今回,我々は治療抵抗性慢性うっ血性心不全に対するE-643の急性効果を,薬物動態と血行動態より検討したので報告する。
Estimation of pharmachokinetics and hemodynamics were performed in 6 patients with severe congestive heart failure before and after administration of oral E-643 (2mg), which is a longacting, new α-receptor blocking drug.
The pharmachokinetic parameters were as follows: Plasma peak concentration level (computer-calculated valves) was 36.2+22.9 (mean 4±SD) ng/ml, time of the peak level was 2.33±0.82 hours and elemination half life of beta phase (TI/2) was 2.31±1.60 hours.

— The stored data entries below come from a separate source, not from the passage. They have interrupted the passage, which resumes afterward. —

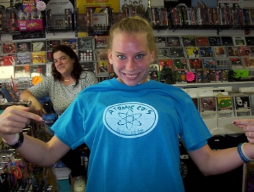 And here I am, Tara, sporting the latest shirt trend... ATOMIC TEES! (Made by super-cool Atomic employee KYLE!)
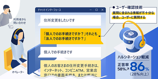 問い合わせ内容が不十分な場合でも、自動的に必要な情報を確認する質問を行う日立独自の「ユーザー確認技術」により、回答精度が28%向上することを検証しました。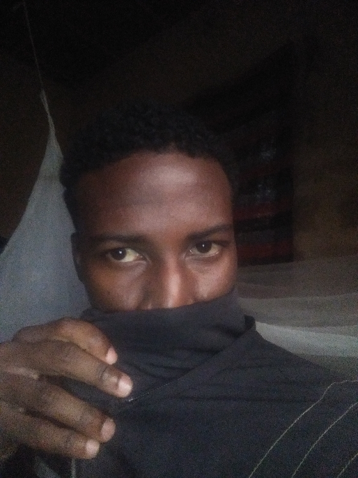 A close-up shot depicts a dark-skinned man with short, dark hair. He has light brown eyes and a serious expression. His nose and mouth are obscured by a black garment held up to his face. His hand is visible, holding the garment. The background is dark and indistinct, with some subtle patterns suggesting a wall or fabric. The overall lighting is dim, creating a somber mood.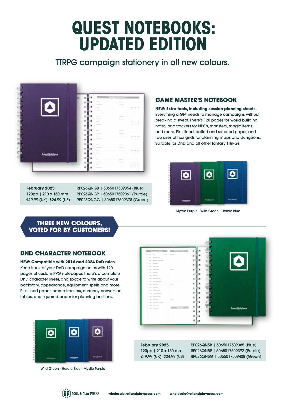 The Game Master’s Quest Notebook has 120 pages of custom RPG notepaper. It is compact, hard-wearing and wire-bound, so it's easy to fold in half and always lies flat on the tabletop. An elastic strap and rear pocket keeps your notes and handouts safe between sessions.

The hemodynamic parameters were as follows: After administration of E-643, the effects occurred within 1 hours, reached to the maximum at 3 hours and persisted for 5 or 6 hours. At peak effect, cardiac index increased from 1.84±0.30 L/min/m2 to 2.52±0.47 L/min/m2, mean right atrial pressure decreased from 9±5 mmHg to 4±2 mmHg, mean pulmonary capillary wedge pressure decreased from 30±10 mmHg to 19±9 mmHg, systemic vascular resistance decreased from 2189±693 dynes・sec・cm-5 to 1857±256 dynes・sec・cm-5, and pulmonary vascular resistance decreased from 316±103 dynes・sec・cm-5 to 236±105 dyne・sec・cm-5, however heart rate and mean blood pressure remained unchanged.
Therefore, E-643 seemed to be a longacting vasodialator with both acting preload and after-load reduction and so to be useful for the treatment of severe congestive heart failure as a deloading agent.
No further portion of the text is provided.